Kudzu in the Cade Zoo -- SIX

Kudzu in the Cade Zoo -- SIX

Mar 09, 2025

Melisma barely slept that night.  Each time she drifted off, her eyes popped open in a jolt of panic.  Cade was gone, but where had he gone to?  He wasn’t in his room, and he hadn’t escaped anywhere else.  She pictured him all scrunched up in Elmer’s briefcase, pounding at the walls.  She tossed and kicked at her sheets until they fell off the bed in a tangled heap.  Even the fitted under-sheet wound up on the floor.

            Eventually, she passed out from exhaustion on the bare mattress.  Her dreams were a jumble of insurance agents zipping around the house with socket wrenches and blowtorches.

            Melisma wasn’t the only one who had trouble sleeping.  The next morning, Aunt Delilah bustled around the kitchen making breakfast, but her eyes were puffy, and her face seemed drained.  She glanced up anxiously as Melisma stumbled to the table.

            “Have you seen any sign of your brother?”  she asked.  Melisma shook her head.

            Aunt Delilah turned to her cutting board and resumed chopping.  “I thought maybe he’d come back in the middle of the night.  But I popped into his room this morning to check, and no luck,” she said.  “Is Cadence an early riser?”

            Melisma shook her head again.  “Mr. Elmer said he was totally lost –”

            “A total loss,’” Aunt Delilah corrected.  She placed a bowl of oatmeal on the table.  “It’s an insurance term.  Probably just technical mumbo jumbo that doesn’t mean anything.”

            Melisma frowned in irritation at her aunt’s interruption.  “I don’t think so.  I think Cade is gone.”

             “I guess maybe he is.”  Aunt Delilah’s shoulders slumped.  Her knife blade rose and fell faster on the cutting board.

            Melisma snorted.  “Maybe?  He’s gone!  I mean, what did you think was going to happen when you told that company he was defective?”

            Aunt Delilah kept chopping.  Chk-chk-chk-chk-chk.

            “How do we get him back?” Melisma demanded.

            Chk-chk-chk-chk-chk.

            Melisma poked at the oatmeal with her spoon, then shoved a glob into her mouth.  It was bland, and very chewy.  It desperately needed brown sugar.

            Delilah’s knife had fallen silent.  Her shoulders shook softly as Melisma moved past her to the cupboard.  “Your parents will never forgive me,” Aunt Delilah sniffed.

            Doria and Lyddie bounded into the kitchen, bright-eyed and messy-haired.  Nobody had told them Cade had vanished.  They shouted happily at each other all through breakfast about whether or not pufferfish had bones.  Doria claimed that the fish had an interlocking skeleton that clicked into place when they got scared.  Lyddie argued that pufferfish were really full of grape juice.

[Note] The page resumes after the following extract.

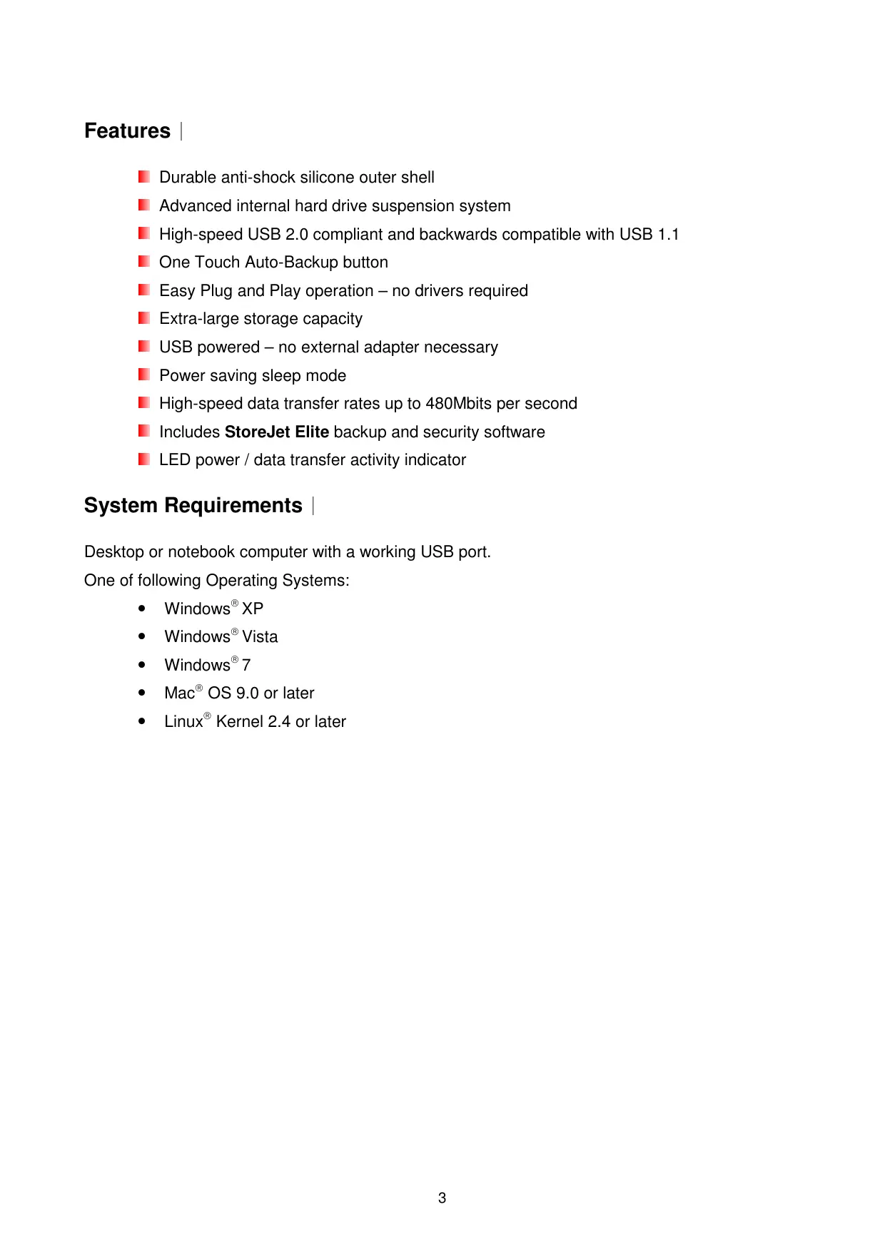 Features | Durable anti-shock silicone outer shell Advanced internal hard drive suspension system High-speed USB 2.0 compliant and backwards compatible with USB 1.1 One Touch Auto-Backup button Easy Plug and Play operation — no drivers required Extra-large storage capacity USB powered — no external adapter necessary Power saving sleep mode High-speed data transfer rates up to 480Mbits per second includes StoreJet Elite backup and security software LED power / data transfer activity indicator System Requirements | Desktop or notebook computer with a working USB port. One of following Operating Systems: + Windows® XP °__ Windows” Vista °__ Windows® 7 + Mac° OS 9.0 or later + _Linux® Kernel 2.4 or later

            After breakfast, Aunt Delilah piled everyone into her hatchback sedan for a road trip to the Suleiman Kruld Financial Services office building.  She said she wanted to redeem the voucher coupons Elmer had given the girls, but Melisma guessed her aunt was more focused on Cade.  Maybe, if they asked really nicely, the company would reverse whatever it was they’d done to him.

            As the family drove along the highway, Doria finally noticed that her brother was missing.  “Isn’t Cade coming?” she asked, as Lyddie poked her hard in the side.  “Ow!  Stop that!”

            “We’re meeting him there,” Aunt Delilah lied.  Melisma noticed a slight waver in her aunt’s voice, and it made her even uneasier.

            Lyddie harumphed from the back seat.  “Cade’s outside all by himself?” she exclaimed.    “Man, I wish I was fourteen!”  She kicked Doria casually in the shin.

            Doria scowled and kicked Lyddie back.  “And I wish I could trade Lyddie for a pet sea slug.”

***

Suleiman Kruld Financial Services was headquartered in Kruld Tower, a gleaming spire of chrome and glass at the north end of Kruld Plaza.  The girls almost never came this far downtown, and even Doria and Lyddie stopped thrashing each other to gawk at the architecture as they passed.

            They found underground parking and took an elevator up to the plaza.  They walked by a huge fountain, and Lyddie threw herself in before anyone could stop her.  Aunt Delilah shrieked and jumped in after her, drenching her own pants in the process.  She seized Lyddie by the armpit and yanked her out, shouting the whole time.

            Lyddie was soaked from the neck down.  She slumped her shoulders and stared at the ground with a contrite look on her face.  “Sorry Aunt ‘Lilah,” she said meekly.  “I won’t do it again.”

            As soon as Aunt Delilah turned her back, Lyddie poked Doria and whispered, “look what I got!”  She proudly extended a handful of dripping coins she’d scraped from the fountain floor.

            The lobby of Kruld Tower was massive, almost as big as the plaza they'd just walked through.  The ceilings had to be at least fifty feet high, and sunlight spilled through the glass walls and splashed across the polished lobby floor, making it feel like they were still outside.  Melisma felt a twinge of embarrassment as Lyddie tracked puddles of fountain water across the atrium.  An array of reception desks, security checkpoints and keycard turnstiles granted access to a central elevator bank that led to the rest of the building.  Even though it was Saturday, important-looking men and women in suits shuffled busily back and forth across the lobby and into the elevators.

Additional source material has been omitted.